+++ SUPPLIED INFORMATION
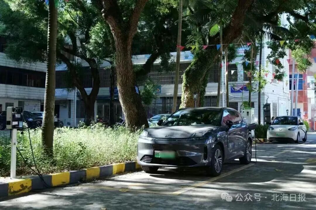 在北海市機(jī)關(guān)第二辦公區(qū)停車場內(nèi),游客在停車的同時(shí),為車輛充電。
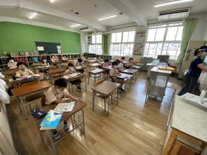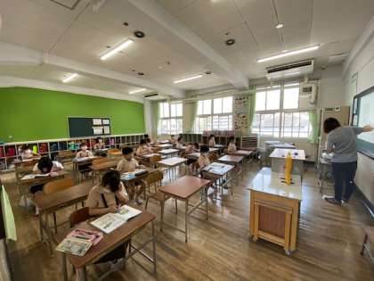 2年生1・2組前半グループの授業のようすです。時計の学習をしています。
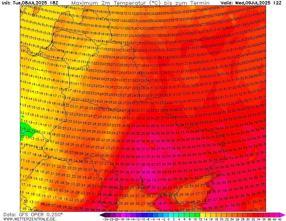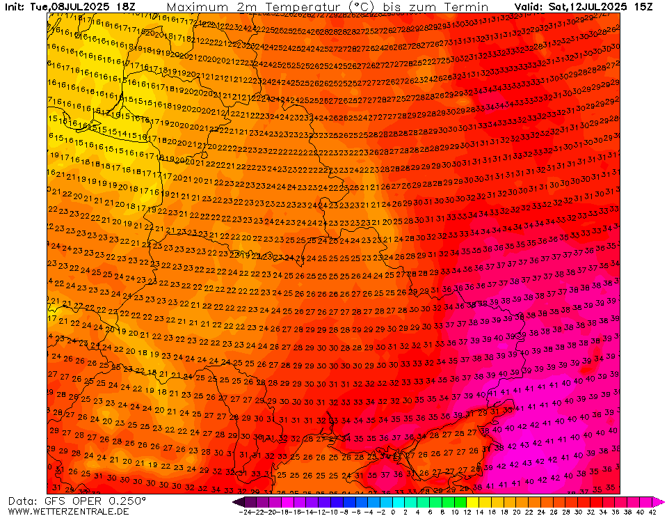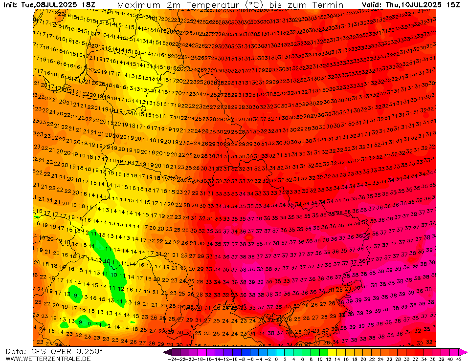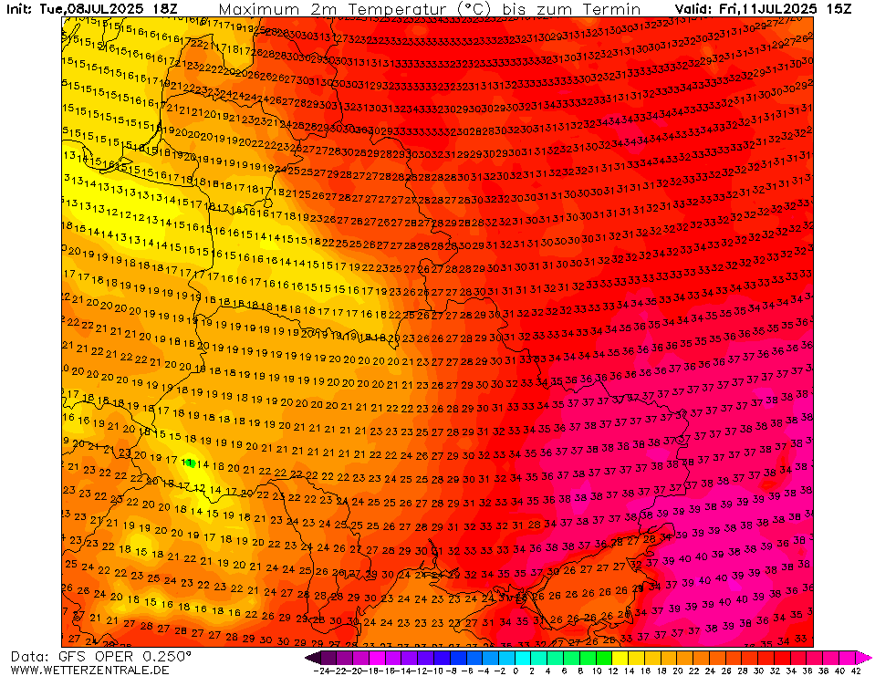 De hele week ruime 35+ temperaturen in delen van dat land. Zaterdag komt GFS lokaal zelfs met 40°C in de Donbas. Je zou er maar moeten staan in een oorlog...
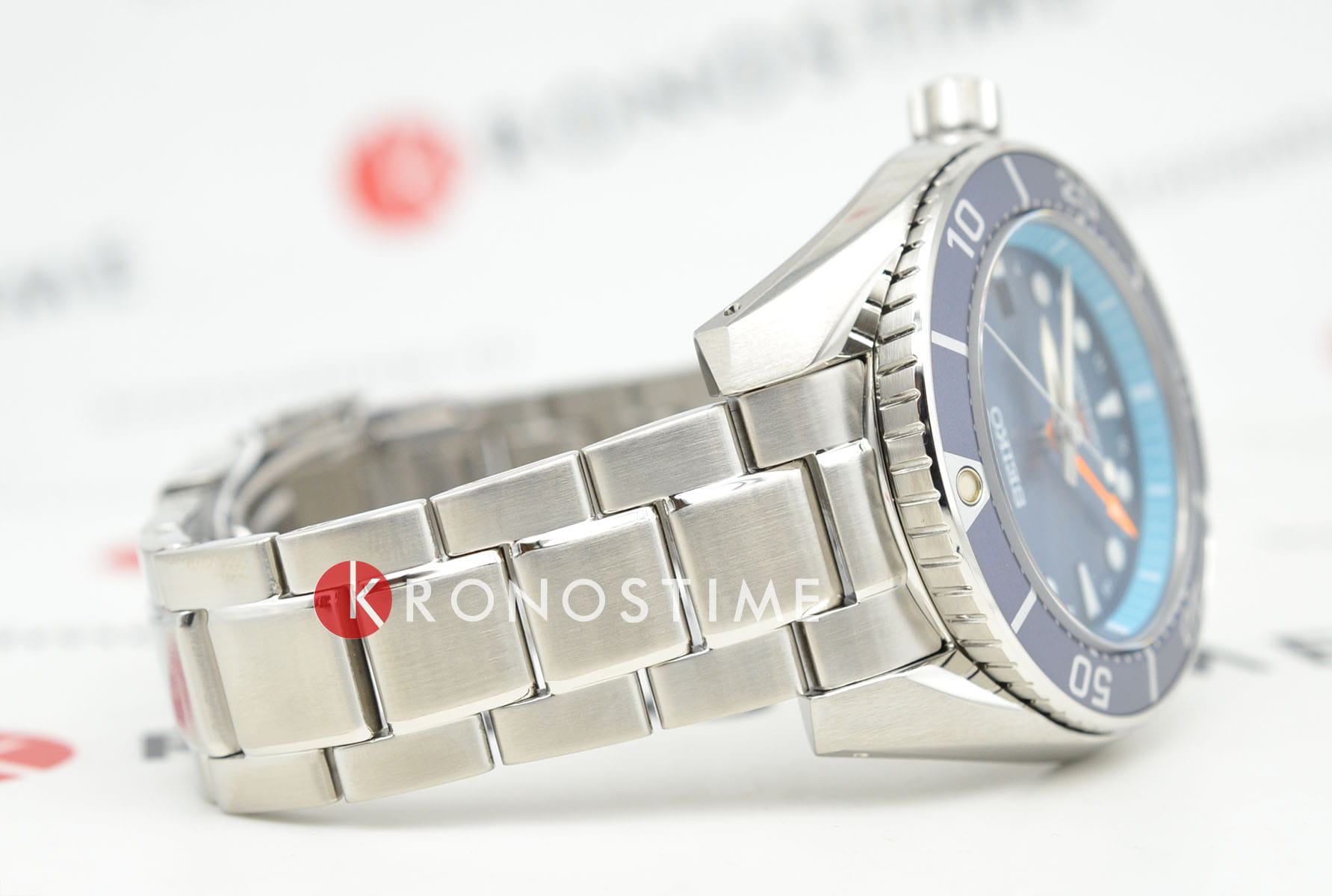 Seiko Prospex Aqua Sumo SFK001J1 — это надёжные водонепроницаемые часы, созданные для активного образа жизни и подводных приключений. Модель оснащена кварцевым механизмом с солнечным питанием, обеспечивающим запас хода до 9 месяцев при полной зарядке. Также реализована функция предотвращения перезарядкиEOLПредставляет собой систему, уведомляющую владельца часов о необходимости замены элемента питания. За 2 недели до полного разряда батарейки секундная стрелка перестаёт ходить чётко и начинает перепрыгивать на 3-4 деления. и функция корректировки разницы во времени, привязанная к календарю. Второй часовой пояс отображается центральной стрелкой в 24-часовом формате. Циферблат синего цвета выполнен по технологии Sunray, имитирующей солнечные лучи, и дополнен штриховыми метками и точками. Стрелки и индексы покрыты фирменным люминесцентным составомЛюминесцентное покрытиеПозволяет считывать показания времени в темноте. Производители наносят на стрелки, часовые индексы, безель или поверхность циферблата светонакопительный состав, дающий холодное свечение. LumiBrite, обеспечивающим отличную читаемость даже в темноте. Окошко даты расположено в положении 3 часов, что делает её легко читаемой. Защиту циферблата обеспечивает сапфировое стеклоСапфировое стеклоПрочный и надёжный материал из кристалла сапфира синтетического происхождения, характеризующийся особой твёрдостью и устойчивостью к царапинам и повреждениям. с антибликовым покрытием на внутренней поверхности. Часы имеют односторонне вращающийся безельБезельВнешний ободок, закрепляющий стекло. В спортивных часах так называется поворотное кольцо с делениями на циферблате, выполняет роль таймера – замеряет отрезки времени на шкале. Неподвижный безель – элемент декора. Однонаправленно вращающийся безель на дайверских часах позволяет фиксировать моменты погружения и выныривания на поверхность. с 24-часовой шкалой, удобный при расчёте времени погружения. Заводная головка с защитой расположена в положении 4 часов и имеет , как и задняя крышка, что обеспечивает дополнительную защиту механизма. Корпус диаметром 45 мм изготовлен из стали с частичным PVD-покрытиемPVDУльтратонкое покрытие наносится в технике вакуумного напыления, сочетает в себе нитрид титана особой прочности со слоем золота или оксида хрома. Несёт в себе декоративную или защитную функцию., придающим модели благородный внешний вид. Браслет выполнен из стали и оснащён трёхсгибной раскладной застёжкойРаскладная застёжкаТакой тип застёжки используется только на браслетах из металла. Она никогда не раскрывается полностью, происходит разделение на 2 и более частей. Раскладывающая застёжка снизит вероятность потери часов к минимуму. с системой блокировки и удлинением для дайверовУдлинение для дайверовЗастёжка с удлинением для дайверов представляет собой безопасное крепление, которое позволяет надевать часы поверх гидрокостюма. Гибкая застёжка удлиняется на 1-2 миллиметра., что позволяет надевать часы поверх гидрокостюма. Общая длина браслета составляет 200 мм, ширина — 20 мм. Часы водонепроницаемы до 200 метров (), что позволяет использовать их при профессиональном дайвинге и других водных активностях. Также реализована защита от магнитных полей до 4800 А/м. Эти часы станут универсальным аксессуаром для тех, кто ценит соче
++++++
• **TASK PROMPT**
A faithful copy of all the data above is required, printed exactly and with no pictures.

• **REPLY**
 在北海市機(jī)關(guān)第二辦公區(qū)停車場內(nèi),游客在停車的同時(shí),為車輛充電。
 2年生1・2組前半グループの授業のようすです。時計の学習をしています。
 De hele week ruime 35+ temperaturen in delen van dat land. Zaterdag komt GFS lokaal zelfs met 40°C in de Donbas. Je zou er maar moeten staan in een oorlog...
 Seiko Prospex Aqua Sumo SFK001J1 — это надёжные водонепроницаемые часы, созданные для активного образа жизни и подводных приключений. Модель оснащена кварцевым механизмом с солнечным питанием, обеспечивающим запас хода до 9 месяцев при полной зарядке. Также реализована функция предотвращения перезарядкиEOLПредставляет собой систему, уведомляющую владельца часов о необходимости замены элемента питания. За 2 недели до полного разряда батарейки секундная стрелка перестаёт ходить чётко и начинает перепрыгивать на 3-4 деления. и функция корректировки разницы во времени, привязанная к календарю. Второй часовой пояс отображается центральной стрелкой в 24-часовом формате. Циферблат синего цвета выполнен по технологии Sunray, имитирующей солнечные лучи, и дополнен штриховыми метками и точками. Стрелки и индексы покрыты фирменным люминесцентным составомЛюминесцентное покрытиеПозволяет считывать показания времени в темноте. Производители наносят на стрелки, часовые индексы, безель или поверхность циферблата светонакопительный состав, дающий холодное свечение. LumiBrite, обеспечивающим отличную читаемость даже в темноте. Окошко даты расположено в положении 3 часов, что делает её легко читаемой. Защиту циферблата обеспечивает сапфировое стеклоСапфировое стеклоПрочный и надёжный материал из кристалла сапфира синтетического происхождения, характеризующийся особой твёрдостью и устойчивостью к царапинам и повреждениям. с антибликовым покрытием на внутренней поверхности. Часы имеют односторонне вращающийся безельБезельВнешний ободок, закрепляющий стекло. В спортивных часах так называется поворотное кольцо с делениями на циферблате, выполняет роль таймера – замеряет отрезки времени на шкале. Неподвижный безель – элемент декора. Однонаправленно вращающийся безель на дайверских часах позволяет фиксировать моменты погружения и выныривания на поверхность. с 24-часовой шкалой, удобный при расчёте времени погружения. Заводная головка с защитой расположена в положении 4 часов и имеет , как и задняя крышка, что обеспечивает дополнительную защиту механизма. Корпус диаметром 45 мм изготовлен из стали с частичным PVD-покрытиемPVDУльтратонкое покрытие наносится в технике вакуумного напыления, сочетает в себе нитрид титана особой прочности со слоем золота или оксида хрома. Несёт в себе декоративную или защитную функцию., придающим модели благородный внешний вид. Браслет выполнен из стали и оснащён трёхсгибной раскладной застёжкойРаскладная застёжкаТакой тип застёжки используется только на браслетах из металла. Она никогда не раскрывается полностью, происходит разделение на 2 и более частей. Раскладывающая застёжка снизит вероятность потери часов к минимуму. с системой блокировки и удлинением для дайверовУдлинение для дайверовЗастёжка с удлинением для дайверов представляет собой безопасное крепление, которое позволяет надевать часы поверх гидрокостюма. Гибкая застёжка удлиняется на 1-2 миллиметра., что позволяет надевать часы поверх гидрокостюма. Общая длина браслета составляет 200 мм, ширина — 20 мм. Часы водонепроницаемы до 200 метров (), что позволяет использовать их при профессиональном дайвинге и других водных активностях. Также реализована защита от магнитных полей до 4800 А/м. Эти часы станут универсальным аксессуаром для тех, кто ценит соче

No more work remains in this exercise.